Elina Larsson; Michael Olin MCS-2004:17, pp. 43. TEK/avd. för interaktion och systemdesign, 2004.
The ISO standard ISO/IEC 17799/SS-627799-2 is a guidance for organizations to realize their information security goals. In spite of this standard, studies show flaws regarding information security in organizations. In particular flaws regarding overall view, knowledge and clear roles and responsibilities have been observed.

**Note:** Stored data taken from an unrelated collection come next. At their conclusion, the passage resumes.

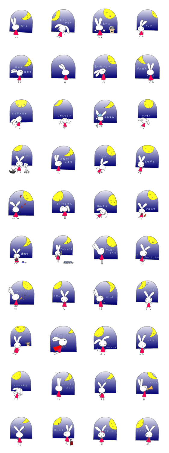 | スタンプ説明 | うさこの友達は優しいお月さま。うさこのいろんな気持ちを、お月さまはいつも優しく見つめてくれています。 |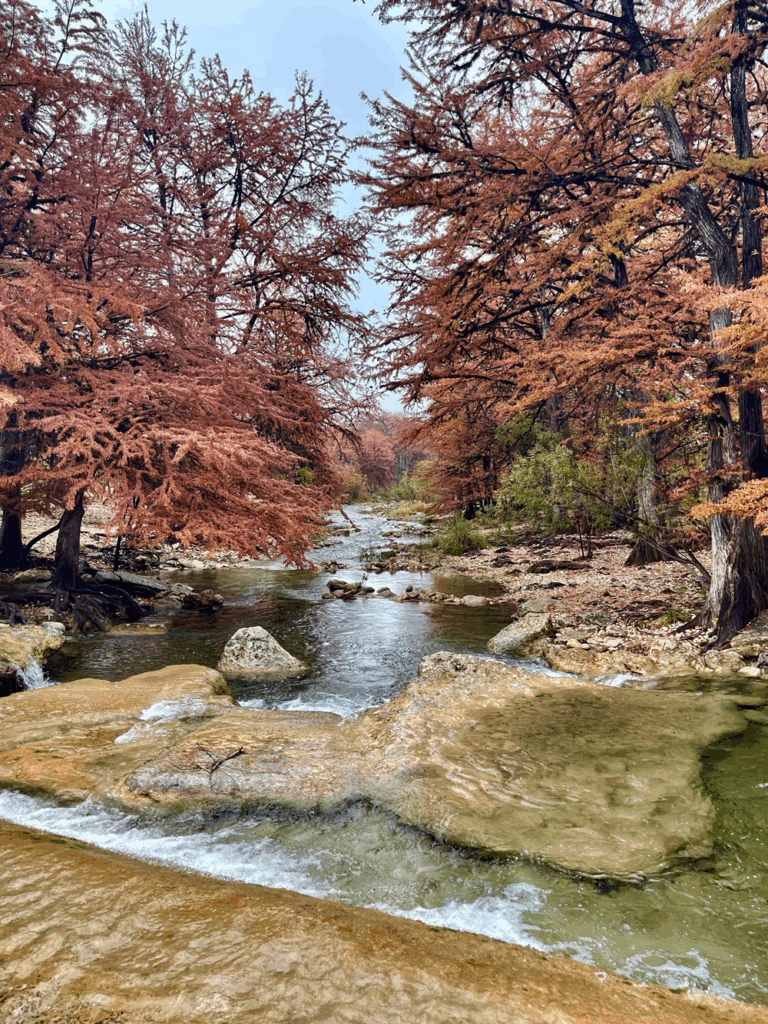 The Hill Country puts on a stunning show in autumn—shades of orange, red, and gold line the riverbanks and trails. Whether you’re hiking nearby at Garner State Park or relaxing at your campsite, the views are picture-perfect.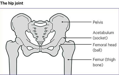 A joint is a part of the body where two or more bones meet. Your hip joint consists of a ball at the top of the thigh bone, which fits into a socket in your pelvis.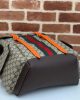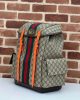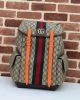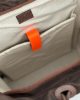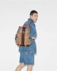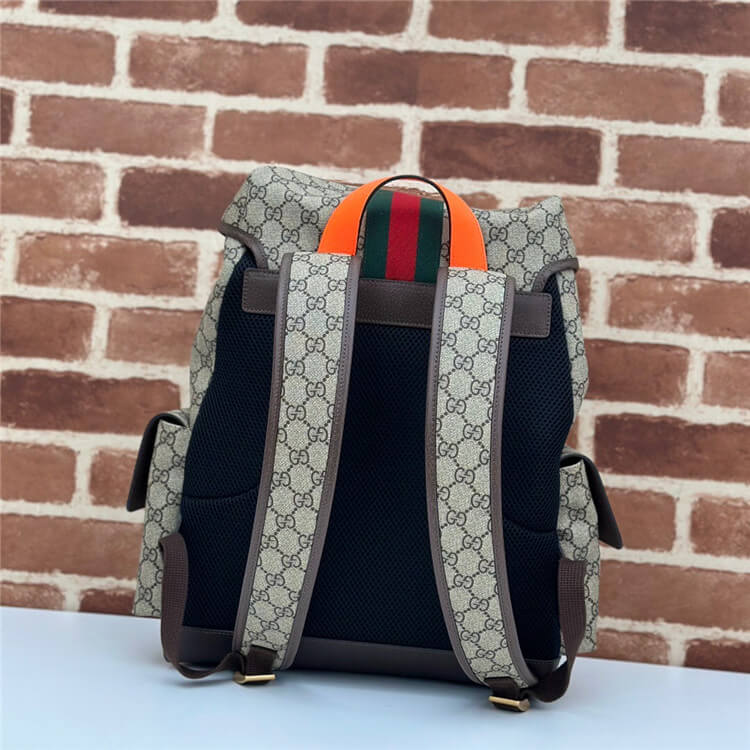 Drawstring and flap closure with leather buckled straps and additional magnetic closure for easy opening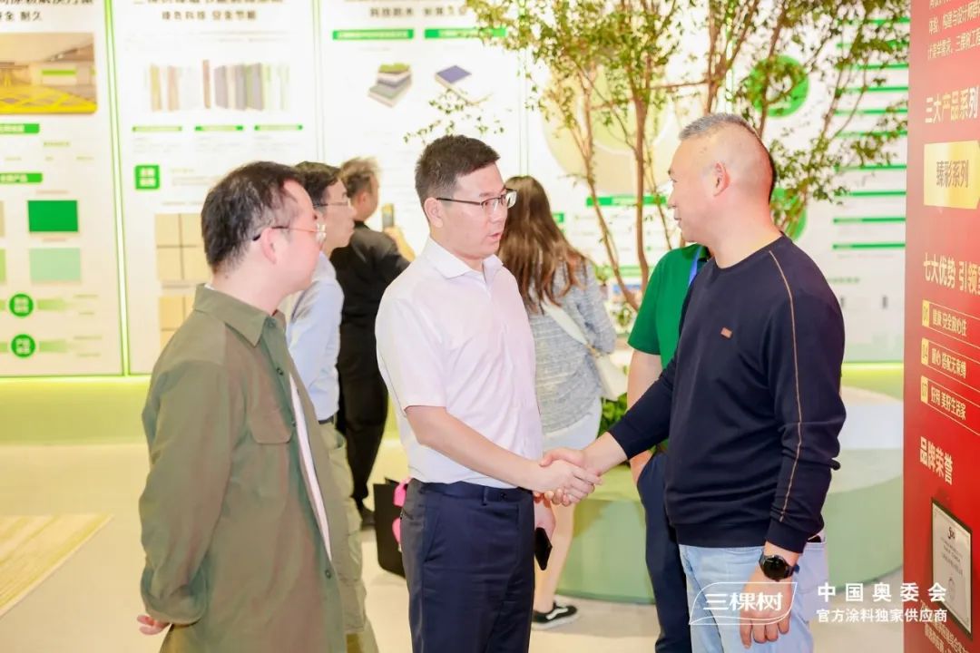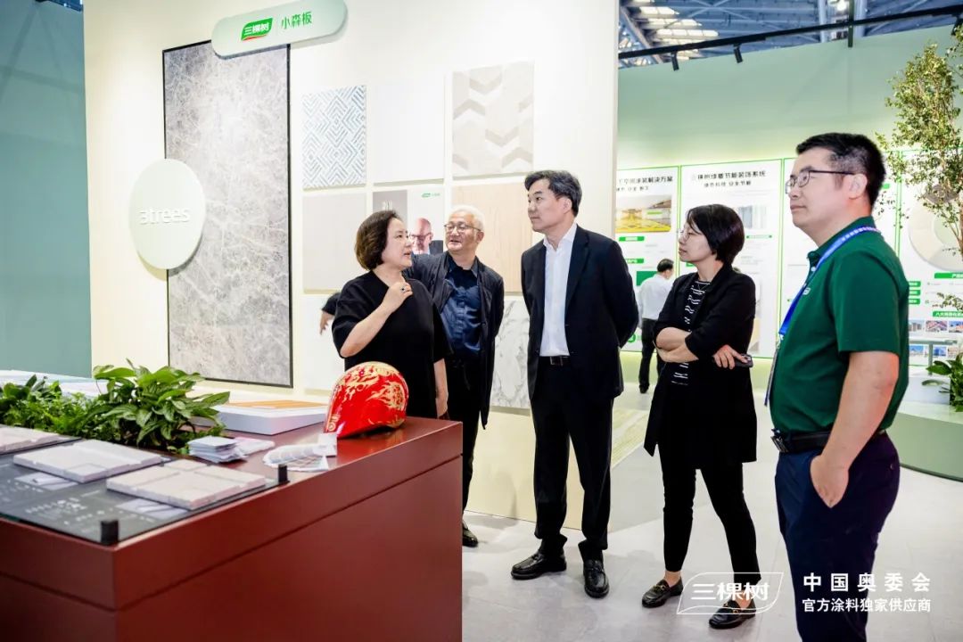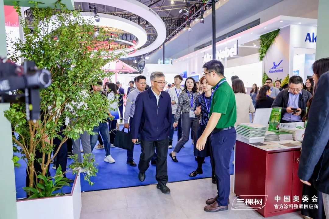 第十四届全国人大常委会委员、监察和司法委员会副主任委员蒋卓庆,上海市副市长张小宏、上海市交通委员会副主任王晓杰,以及上海地产、浦发集团等领导相继来到三棵树展位参观,与三棵树负责人进行交流,对三棵树近年来取得的发展成果给予了充分肯定和鼓舞。

The ISIT (Information Security Integrated Three level) model and its guidelines, developed in this thesis, help organizations to identify the required processes and procedures as well as the logical process flow. The thesis is based on theoretical studies and a case study within a multinational company. The results of the case study show great lacks in defining roles and assigning responsibilities, but also in overall view and knowledge regarding processes and the process flow. The thesis develops a model to facilitate an organization’s initiation of the ISO standard and to help solving the identified flaws. The ISIT model is based on the ISO standard, but expands the PDCA model and integrates it with the controlling documents related to information security management. The expansion of the PDCA model gives a clearer flow, where all the processes related to a management system are included. This enables clarity and faster overall view regarding the information security organization. The integration of the controlling documents means that the processes can be divided into procedures at different levels of the organization. This provides a possible solution to the definition of roles and to the assignment of responsibilities.
Guidelines on the identification of processes and roles can not be found in the ISO standard. Therefor the ISIT model should be used as a complement to the ISO standard and will help organizations to reach their information security goals.